Extracted information
:::::
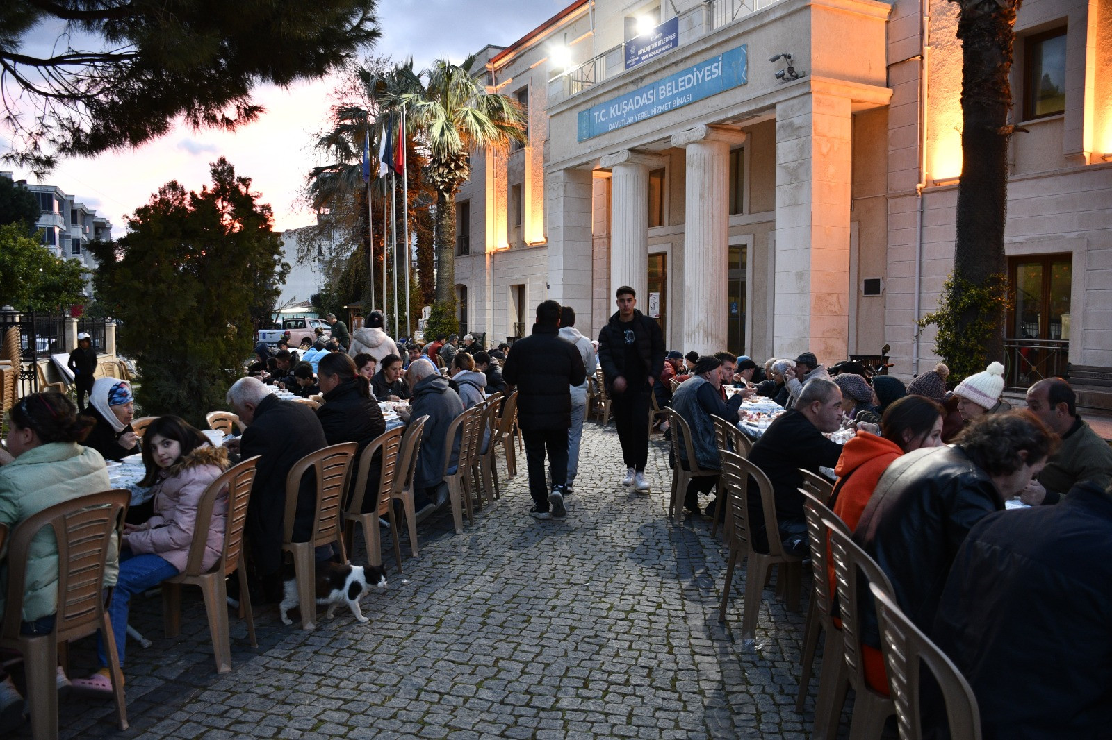 Kuşadası Belediyesi tarafından Davutlar Mahallesi ek hizmet binası bahçesinde düzenlenen iftar yemeğinde yüzlerce Kuşadalı bir araya geldi. İftar yemeğine Belediye Başkan Vekili Emre Fazlılar, Başkan Yardımcıları Seyfi Seyhan Suvari ve Remzi Çengel, Belediye Meclis Üyesi Funda Şenol ile Davutlar Mahalle Muhtarı Erol Yağcıoğlu katıldı. İftara katılan mahalle sakinleri oruçlarını dualar eşliğinde açtı.
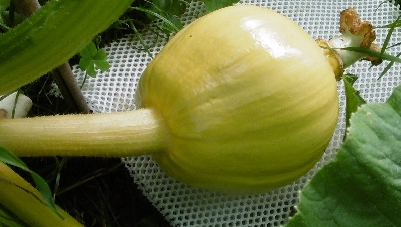 1215 Young @ 13 DAP. This one was on a long stem and had a fantastic color, but it got culled because it was a funny shape and growing on the wrong side of the vine. We have pollinated three more on the 1215: x 532 Young, 721 Gansert and 666.5 Gansert. Now if those are aren't decent orange crosses, I don't know what is.
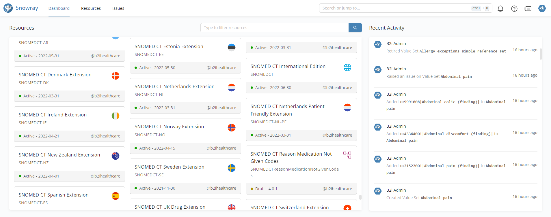 Concept Maps) that are available in Snowray. Each resource has its own card with additional information showing the resource's title, id, status, version tag - where applicable-, as well as the owner of the resource.
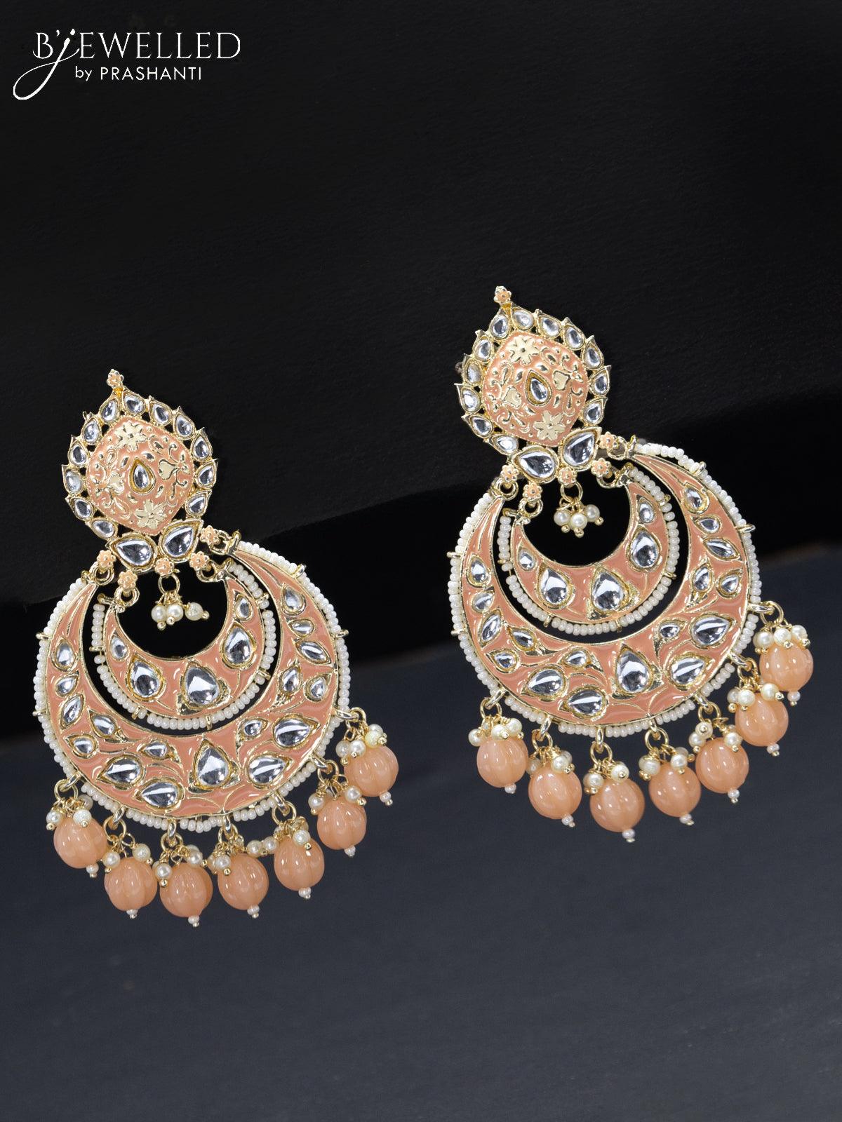 Fashion dangler chandbali peach minakari earrings with pearl hangings
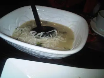 Shredded Pork and preserved salted veg with ramen in soupThe noodles and pork was acceptable, but the broth had to go to waste. It was so salty, either by over-seasoning of the cooks (I'm not sure proper chefs would send food out without quality control) or by a misstep in not washing the preserved vegetable properly to get the saltiness out. Anyway, none of the soup could be consumed, which defeats the purpose of ordering noodles in soup.
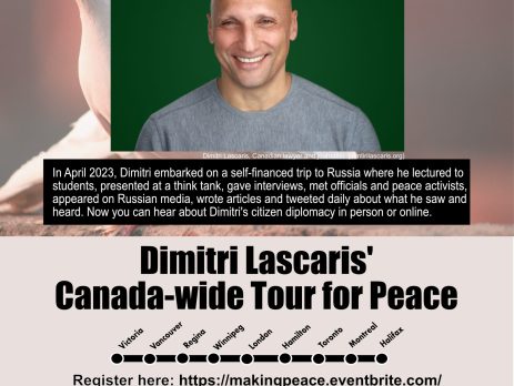 The Canada-Wide Peace and Justice Network (CWPJN) is pleased to announce that it has organized a Canada-wide speaking tour for citizen-diplomat Dimitri Lascaris to report back to Canadians about his recent mission of peace to Russia. The title of the...
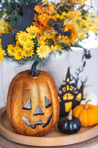 Ваза с цветами, тыквы и страшный замок с ведьмой на фоне интерьера белой кухни в скандинавском стиле. Концепция дома и уюта. Осенний декор на Хэллоуин
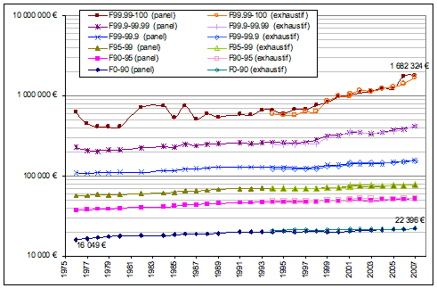 Note : En 2007, le salaire moyen du top 0.01% était de 1 682 324 euros. Sources : Panel DADS (1976-2007) et France – fichiers exhaustifs DADS (1994-2007).
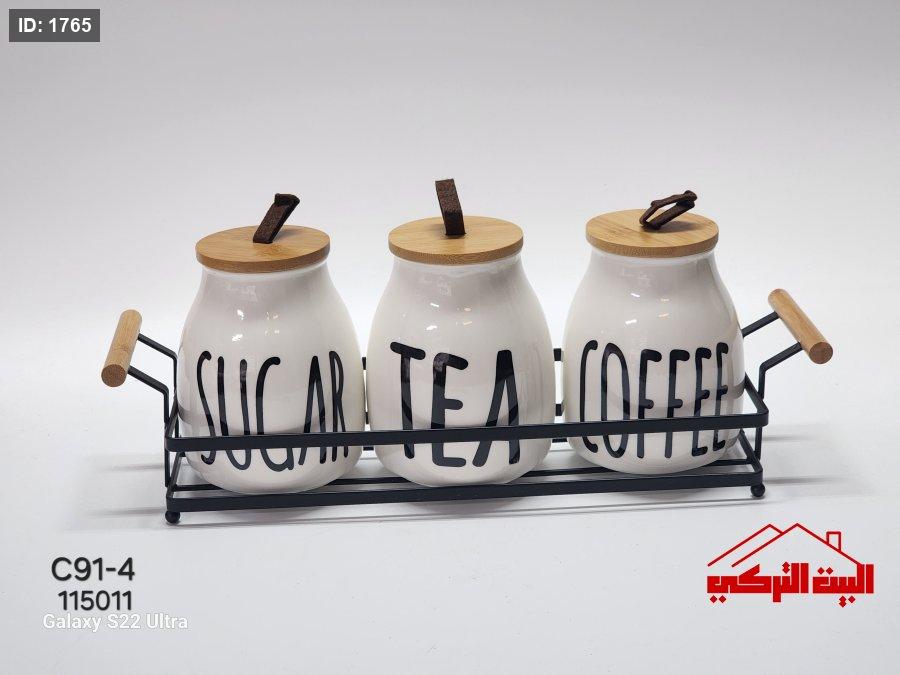 طقم 3سكريات بورسلان ابيض ستاند معدن اسود
:::::
Exercise requirements
Would you reproduce the lines above exactly, without carrying over the pictures?

Response box
 Kuşadası Belediyesi tarafından Davutlar Mahallesi ek hizmet binası bahçesinde düzenlenen iftar yemeğinde yüzlerce Kuşadalı bir araya geldi. İftar yemeğine Belediye Başkan Vekili Emre Fazlılar, Başkan Yardımcıları Seyfi Seyhan Suvari ve Remzi Çengel, Belediye Meclis Üyesi Funda Şenol ile Davutlar Mahalle Muhtarı Erol Yağcıoğlu katıldı. İftara katılan mahalle sakinleri oruçlarını dualar eşliğinde açtı.
 1215 Young @ 13 DAP. This one was on a long stem and had a fantastic color, but it got culled because it was a funny shape and growing on the wrong side of the vine. We have pollinated three more on the 1215: x 532 Young, 721 Gansert and 666.5 Gansert. Now if those are aren't decent orange crosses, I don't know what is.
 Concept Maps) that are available in Snowray. Each resource has its own card with additional information showing the resource's title, id, status, version tag - where applicable-, as well as the owner of the resource.
 Fashion dangler chandbali peach minakari earrings with pearl hangings
 Shredded Pork and preserved salted veg with ramen in soupThe noodles and pork was acceptable, but the broth had to go to waste. It was so salty, either by over-seasoning of the cooks (I'm not sure proper chefs would send food out without quality control) or by a misstep in not washing the preserved vegetable properly to get the saltiness out. Anyway, none of the soup could be consumed, which defeats the purpose of ordering noodles in soup.
 The Canada-Wide Peace and Justice Network (CWPJN) is pleased to announce that it has organized a Canada-wide speaking tour for citizen-diplomat Dimitri Lascaris to report back to Canadians about his recent mission of peace to Russia. The title of the...
 Ваза с цветами, тыквы и страшный замок с ведьмой на фоне интерьера белой кухни в скандинавском стиле. Концепция дома и уюта. Осенний декор на Хэллоуин
 Note : En 2007, le salaire moyen du top 0.01% était de 1 682 324 euros. Sources : Panel DADS (1976-2007) et France – fichiers exhaustifs DADS (1994-2007).
 طقم 3سكريات بورسلان ابيض ستاند معدن اسود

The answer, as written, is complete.